I get a long list of languages printed, including chi-sim.

  • Further, if we just use English instead of Chinese, the following code can successfully recognize the English texts in an image:
text = pytesseract.image_to_string(image)
  • I've tried to specify environment variable TESSDATA_PREFIX in multiple ways, including:
  1. Using config parameter as in the original code.

  2. Adding global environment variable in PyCharm.

  3. Adding the following line in the code

os.environ["TESSDATA_PREFIX"] = "tesseract/4.1.1/share/tessdata/"
  1. Adding the following line to bash_profile in terminal
export TESSDATA_PREFIX=/opt/homebrew/Cellar/tesseract-lang/4.1.0/share/tessdata/

But unfortunately, none of these works.

  • It seems as if my file chi-sim.traineddata is, somehow, broken, so I directly downloaded the trained data file from GitHub (https://github.com/tesseract-ocr/tessdata/blob/master/chi_sim.traineddata), hit the "Download" button on the right, and placed the downloaded file in the tesseract-lang and original tesseract directory (where eng.traineddata is located). Yes, I've tried both, but neither works.

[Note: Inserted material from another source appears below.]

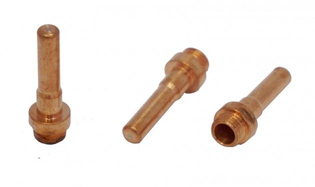 Катод - расходная часть плазмотрона. Оснастку изготавливают из сплава меди и латуни. Данный сплав обладает отличными показателями токопроводимости, высокими прочностными характеристиками, а так же способствует лучшему теплоотводу. Чаще всего для работы в нейтральных плазмообразующих средах в качестве сердечника электрода используют вольфрам, в окислительных средах применяют катоды из циркония или гафния.

With respect to this issue, is there any potential solutions?

Anemonee
  • 33
  • 6
  • If you are on windows, did you setup the environmental PATH for tesseract? – seraph Jul 17 '21 at 13:07
  • Never mind, just read that you are on Mac OS, so have you tried reinstalling the whole package? – seraph Jul 17 '21 at 13:08
  • 1
    if `get_languages(config = "")` shows `chi-sim` then why do you set `tessdata-dir`? Did you try without changing `tessdata-dir`? – furas Jul 17 '21 at 13:11
  • if `chi-sim.traineddata` is broken then you have to download it again. You don't need to change `tessdata-dir` - even error shows that it is correct - but you have to get correct file from server. – furas Jul 17 '21 at 13:13
  • 1
    Also, what is your language setting in your Mac OS? There used to be some issue with non-English system language for tesseract – seraph Jul 17 '21 at 13:14
  • 1
    in question (not in comment) you could add link to GitHub where you found `chi-sim.traineddata` - and you could describe how you downloaded it. Maybe you download it in wrong way (i.e in `text-mode` instead of `bytes-mode`) or maybe you get files for older version - see GitHub with [tessdata for 4.x](https://github.com/tesseract-ocr/tessdata) there is link to [tessdata for 3.x](https://github.com/tesseract-ocr/tessdata/tree/3.04.00) – furas Jul 17 '21 at 13:22
  • @seraph Yes, I've tried reinstalling pytesseract, tesseract-lang, and tesseract at the same time, but did not work. – Anemonee Jul 17 '21 at 13:35
  • @furas Yes, the first line of code I ran was indeed without the "config = tessdata_dir" parameter, but it did not work, so I had to resort to specifying directories. – Anemonee Jul 17 '21 at 13:37
  • 1
    @seraph Hmmm... this is a good point because my general language setting of my device is chi-sim. I will check it out later and update this post if there's anything good. – Anemonee Jul 17 '21 at 13:39
  • @furas Sorry that I could not find the exact github link that I downloaded previously, I just tried the 4.x you provided but it does not work either. I've edited my question. But could you please explain a little bit on "text mode" and "bytes mode"? I was never aware of these. – Anemonee Jul 17 '21 at 13:53
  • I copied original `eng.traineddata` and file from server`chi-sim.traineddata` to new folder and try `lang="chi-sim"` and `lang="eng"` with `config="--tessdata-dir path/to/new/folder"` and it works for `eng` but not for `chi-sim` - it may means that `chi-sim.traineddata` is wrong. Maybe it is broken already on server. Or maybe it is file for older tesseract. I will check if `eng.traineddata` from server makes this problem. Maybe it will need to send information to authors that there is problem. – furas Jul 17 '21 at 15:24
  • code works for me on LInux if I use `chi_sim` with `_` instead of `-` because file downloaded from server has name `chi_sim.traineddata` also with `_` – furas Jul 17 '21 at 15:33
  • @furas interesting, upon checking tessdata on github, it does shows the datapacks with `_` instead of `-`. – seraph Jul 17 '21 at 17:26

1 Answers1

1

Code works for me on Linux if I use lang="chi_sim" with _ instead of - because file downloaded from server has name chi_sim.traineddata also with _ instead of -.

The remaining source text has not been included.